After coding for a while, Sabatinelli moved into local television, where he learned the importance of communication between managers and their employees.

“I was elevated to an executive producer role when I was in local TV and I’d never really had a team before. So I had four people put under me and I went through my first review process and I gave a review to someone who’s a good friend of mine that was a shock to him,” Sabatinelli recalled.

“[I] learned very quickly the importance of communicating clearly and concisely with your employees on a daily basis,” he continued. “You quickly learn the lesson of just how painful it can be to people if you don’t give them direct feedback and directional feedback as necessary.” 

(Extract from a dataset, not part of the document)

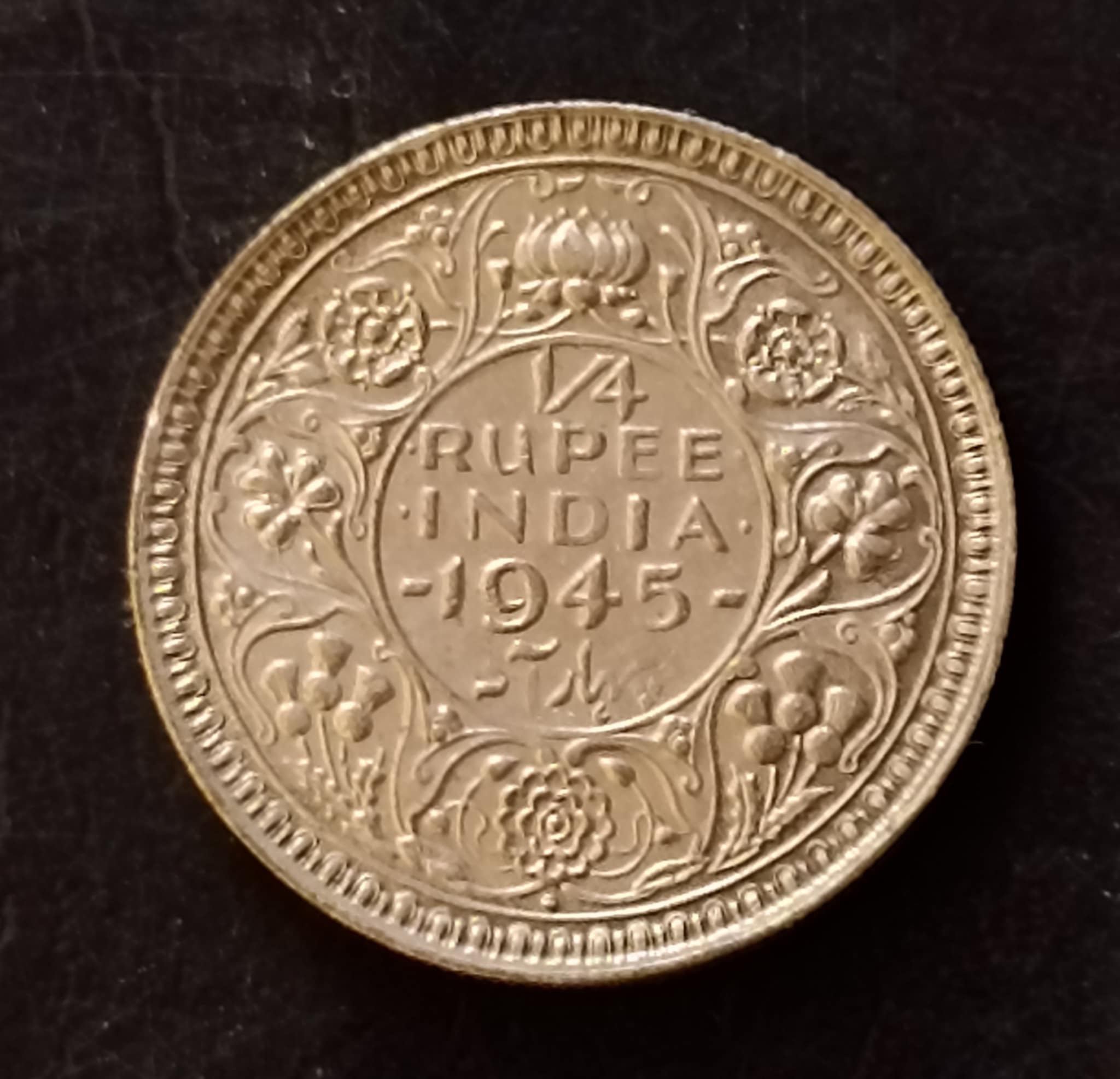 Silver British India King and emperor George vi Year 1945 Denominaton 1/4₹ Same and similar piece available

He went on to work at E.W. Scripps’ Newsy for a total of six years, serving as the network’s general manager and later chief executive officer, before joining Atmosphere — a streaming service for TVs in businesses like restaurants, bars and doctor’s waiting rooms, a.k.a. out-of-home viewing — as its chief operating officer in 2021. He stepped into the CEO role in January.

While Sabatinelli believes that anyone looking to advance in their career needs to work hard, he argues that it’s just as important to step up when opportunities present themselves.

“Raising your hand and clearly communicating that you’re looking for new challenges, that you’re looking for the next opportunity, that you want to take on another project, that you want to expand your purview is just so critical,” he said. “A lot of your supervisors are managing multiple people, multiple teams, doing a litany of things at any given time and they don’t necessarily know that you’re looking to advance. So raise your hand and be communicative about your desire to take on a broader scope within your role.”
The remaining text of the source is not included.